Using regex(replace action) to select row

Hey guys, hoping someone can help me figure this out.
I’m doing a read range from a rather messy excel file, in which i need to pick certain rows.
It looks like this(might have to max window to see it properly), each line is a row.
/===========================================================================
| HEROMA S I G N A L L I S T A Sida: 1 |
| DATABAS:TRV_PP01 PERIOD:2019-11 Alla Utskriven: 19-12-05 09:59 |
===========================================================================/

         Databas: TRV_PP01                               Löneperiod:        

         PATEAM  1001000a
       /­­­­­­­­­­­­­*­­­­­*­­­­­*­­­­­­­­­­­­­­­­­*­­­­­­*­­­­­­­­­­­­­­­­­­­­­­­­­­­­­­­­­­­­­­­­­­­­­­­­­­­\
       | Personnummer|IDNR |Lart |  From  -  Tom   |Felkod| Feltext                                           |
       |             |     |     |                 |      |                                                   |
       *­­­­­­­­­­­­­+­­­­­+­­­­­+­­­­­­­­­­­­­­­­­+­­­­­­+­­­­­­­­­­­­­­­­­­­­­­­­­­­­­­­­­­­­­­­­­­­­­­­­­­­*
       | 553445-7193 | 1000|     |                 | 5009 | Komptidsutbetalning via autolart kan ej göras     |
       | 553445-7193 | 1000|     |                 | 5009 | Kkjsdhfasdkfj jkhsdflkjhasdfh jkhasdfjkhsafsdj     |
       | 634521-7114 | 1000|     |                 | 5009 | Komptidsutbetalning via autolart kan ej göras     |
       | 534531-7114 | 1000|     |                 | 5009 | Komptidsutbetalning via autolart kan ej göras     |
       | 442332-5192 | 1000|     |                 | 5009 | random text yadda     |
       | 532984-5192 | 1000|     |                 | 5009 | random text yadda     |
       | 428374-4899 | 1000|     |                 | 5009 | random text yadda    |
       | 342493-4899 | 1000|     |                 | 5009 | random text random text     |

It goes on for thousands of rows ususally. as you see there are tons of spaces and | characters everywehere.

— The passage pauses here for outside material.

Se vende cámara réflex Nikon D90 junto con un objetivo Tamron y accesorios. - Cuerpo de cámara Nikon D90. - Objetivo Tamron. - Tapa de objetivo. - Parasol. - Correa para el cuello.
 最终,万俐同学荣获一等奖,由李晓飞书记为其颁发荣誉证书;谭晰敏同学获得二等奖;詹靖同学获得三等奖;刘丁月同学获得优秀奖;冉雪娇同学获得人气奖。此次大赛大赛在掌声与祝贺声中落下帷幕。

Now, what i want get out should look like this:
342493-4899 1000 5009 whatevertext is here
etc…

Or im ok with just removing the spaces and | characters so it look like this
342493-489910005009whatevertextishere
etc…

i’ve tried to get it to pick it out using the regexbuilder with the replace action, but not succeding.

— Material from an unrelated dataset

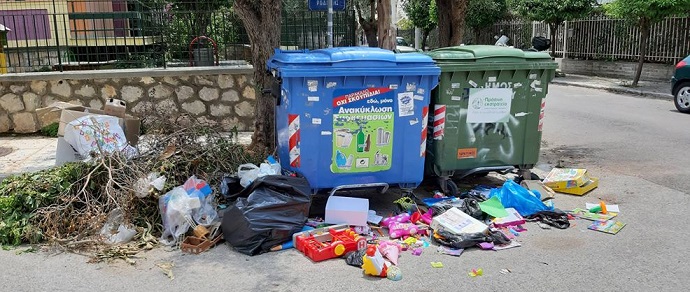 "Καλησπέρα σας! Τα ίδια Παντελάκη μου, τα ίδια Παντελή μου... όπως κάθε χρόνο χαμός στη γωνία Βυζαντίου και Ροδόπης από τη βρώμα! Ειδοποιήθηκε από κάτοικο της περιοχής ο Δήμος... αλλά τίποτα! Και τώρα που έκλεισε και το Νηπιαγωγείο (και τέλειωσαν και οι εκλογές), σιγά μην ασχοληθούν! Και πριν υπήρχε βρώμα, αλλά κάθε καλοκαίρι τα ίδια... βρώμα και γύφτοι να τα κάνουν χειρότερα! Ζητάμε καθαριότητα... ζητάμε μετακίνηση κάδων από το σημείο αυτό (έξω από Νηπιαγωγείο!!!)... ζητάμε οι γυφτοί να μην έρχονται να τα κάνουν χειρότερα! Ο Δήμος θα βοηθήσει ποτέ; Εμείς ως γειτονιά θα στέλνουμε καθημερινά φωτογραφίες!!! Ορίστε ένα δείγμα!!!!"

any ideas on how to build the regex? let me know if i need to clarify it more.

thanks! Tom

Hi,

How about the following?

System.Text.RegularExpressions.Regex.Replace(strYourLine,"[\W\s]","",RegexOptions.Multiline)

Regards,

thanks for the reply. what should i put in the strYourLine? Cant seem to get it to work quite right…

Hi,

System.Text.RegularExpressions.Regex.Replace(strYourLine,"[\W\s]","",System.Text.RegularExpressions.RegexOptions.Multiline)

is for case of assign activity.

In Regex Builder of Replace activity, my suggestion is the following.

However, it might not fit for you because of removing some whitespaces in string data.

So, the following expression might be better.
(\||\s{2,})

Please set "" in replacement property.

Regards,

awesome, that worked flawlessly. big thanks. now, would you mind explaining what the different parts of (||\s{2,}) means? just to get a better understanding of the code. if not, totally cool :slight_smile:

Hi,

Sure,
First, perhaps you should get syntax : (A|B) means A or B.
In this case
A is \| and B is \s{2,}

\| means just ’|’. ‘|’ is special character in Regex, if you handle ‘|’ as a normal character, need to add \ in front of ‘|’.
\s{2,} means 2 or greater length of whitespaces.
‘\s’ means whitespace. ‘{2,}’ means 2 or greater.

Hope it helps you.

Regards,

aaah thanks man, really appreciate this!

1 Like